Use this topic to learn about the alerts when a service is down.

Fault Management Service Restart

The fault manager service maintains the alert sequence IDs and guarantees ordered sequencing of alert notifications even after the service reboots.

The incoming alerts remain on the message bus until the fault management service acknowledges it to remove it off the message bus.

Notification Service Restart

Fault Manager publishes alert notifications on the message bus. The notification service acknowledges all the alert notifications. If the notification service crashes or reboots, the un-acknowledged notifications that are left on the message bus, are published to the registered subscribers after the notification service reboots.

RabbitMQ Restart

XCO does not persist messages across MQ reboot, so all pending alerts are lost. You can query the fault service for the missed alert notifications using the sequence IDs.

Note

Note

Depending on the state of the message location, fault management service might not receive notifications from the components. Therefore, it does not raise an alert.

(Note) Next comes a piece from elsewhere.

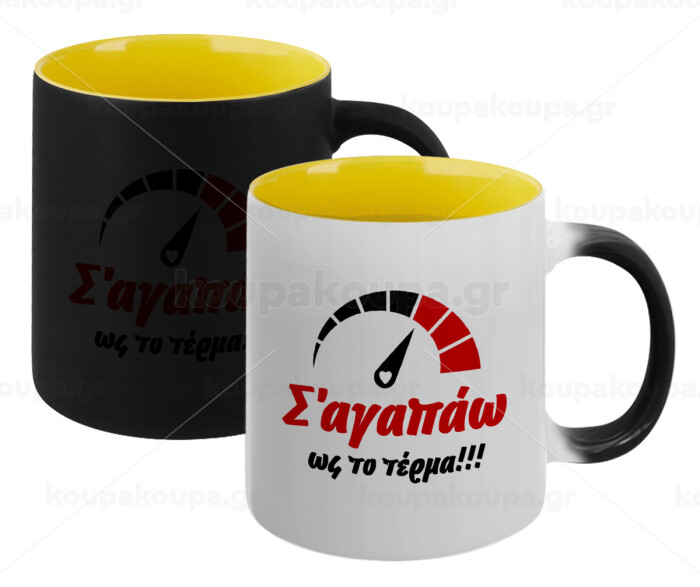 Σ΄ αγαπώ ως το τέρμα!!!, Κούπα Μαγική εσωτερικό κίτρινη, κεραμική 330ml που αλλάζει χρώμα με το ζεστό ρόφημα

There are minimal chance of RabbitMQ rebooting alone . RabbitMQ reboots are usually associated with system issues which impact other services.

System Restart

XCO attempts to re-notify fault management service on reboot. You can observe more frequent updates on HA status, storage status, and LDAP connectivity.

Most in-flight messages are lost. However, XCO ensures that alerts are regenerated and published on system restart. This also applies to failovers.

XCO increments the sequence ID correctly for alerts even after the system reboot and ensures ordered delivery of notifications.

Sub-System Restart

A sub-system is a component of XCO that is responsible for publishing a message that is eventually converted into an alert by the fault management service.

Note

Note

XCO cannot raise alerts during a sub-system reboot.